O’Keefe’s file lay on the desk. Bellinger didn’t touch it. He wanted to know whether Suttle had ever met the lad. Suttle shook his head. If only.
‘He’s unusual,’ Bellinger said. ‘Most of the referrals we get, you can bet there’s trouble at home. Broken families, step-parents who can’t cope, various forms of substance abuse, domestic violence, whatever. Trouble’s like sand. It obeys the laws of gravity. It trickles down through all that shit and it’s the kids at the bottom of the pile who get dumped on.’
‘But this Dermott’s the oldest.’
‘Exactly. And that’s not where it ends either. I don’t know whether you’ve been round to the house at all but chaos would be a polite word. There are eight kids in that house and the old man’s out of it most of the time, but in a funny way the whole thing works. So for once we’re not talking a shit home life. Far from it.’
‘So where’s the problem?’
‘Money. They’re skint. Eight kids take a lot of looking after and I’m betting the old man’s booze bill is astronomical. We made sure they’re getting everything they’re entitled to but even so it’s really hand to mouth. Mum’s the one who holds it all together.’
Suttle was trying to reconcile this account with the version he’d heard earlier. According to Faraday, young Dermott’s mother had declared UDI. The fact that her oldest was breaking every law in the land didn’t appear to concern her in the least. No school. No driving licence. No insurance. Regular court appearances. Someone else’s £40K motor in the lock-up round the corner. Surely this was tolerance gone mad?
‘She’s overwhelmed,’ Bellinger said at once. ‘She’s just got too much on her hands. As far as she’s concerned, Dermott’s a good wee boy, well-intentioned, and the rest of it is none of her business.’

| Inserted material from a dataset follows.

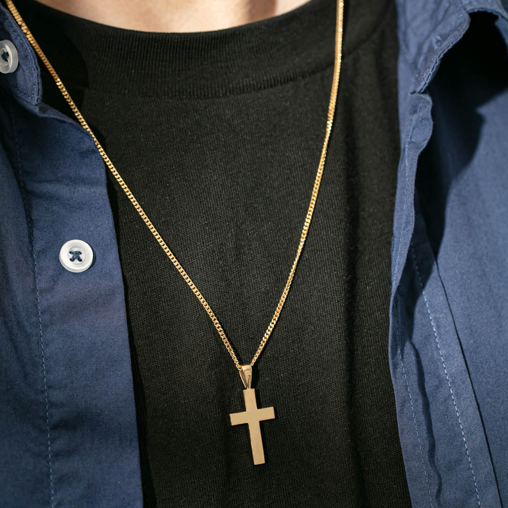 A beautiful, simple cross will make a lovely gift on that special occasion or a perfect investment piece for yourself. The 9ct yellow gold cross pendant is a medium size, has a square profile and rests on a yellow gold curb chain. This gorgeous piece is perfect for the minimalist that loves to add just the right amount of shine to every outfit.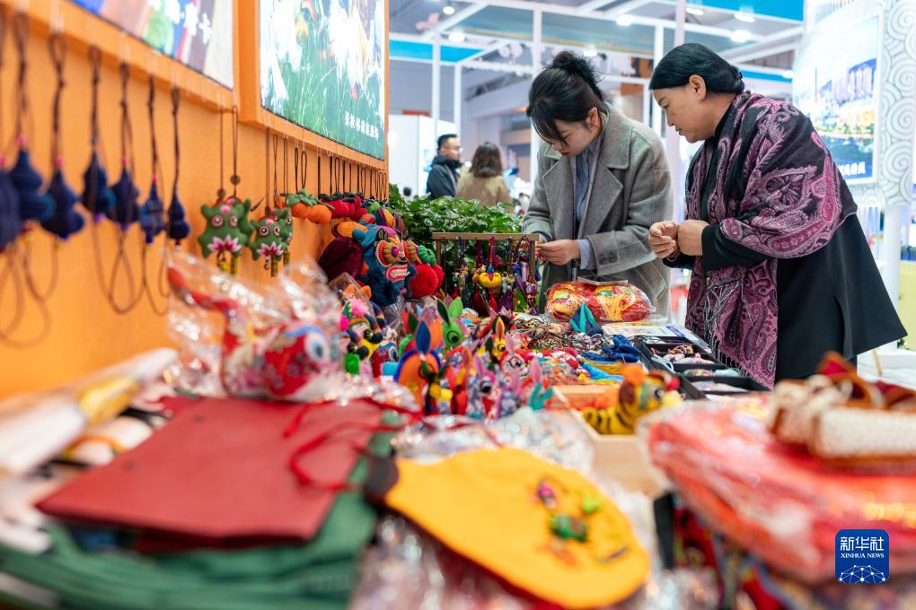 11月17日,觀(guān)眾在2023中國國際旅游交易會(huì )上選購小飾品。

‘So why has Dermott gone off the rails?’
‘Well …’ Bellinger smiled, ‘… that’s just it. In a way, he hasn’t. If you analyse his behaviour, ask yourself why he’s done each of these things, then you start getting a pattern.’
Both court appearances, he said, were down to shoplifting. In both cases he’d pleaded guilty and flatly denied he’d gone shopping with a list that his mother or someone else had drawn up. But the fact remained that few fifteen-year-olds stuffed loo roll, bleach and soap powder under their anoraks. They just couldn’t be arsed.
‘So what does that tell you?’ asked Suttle.
‘It tells me that the boy cares, that he
contributes
. In some societies he’d get a medal for what he’s done.’
‘And school?’
‘Bored shitless, like more or less every other kid in the country. But bored shitless because as far as he’s concerned there’s no bloody prospect of learning anything. Listen to Dermott for half an hour and you start realising why kids get into university without knowing how to read and write properly. The only difference is that the Dermotts of this world aren’t prepared to put up with it. When school showed no sign of ever getting better, he walked.’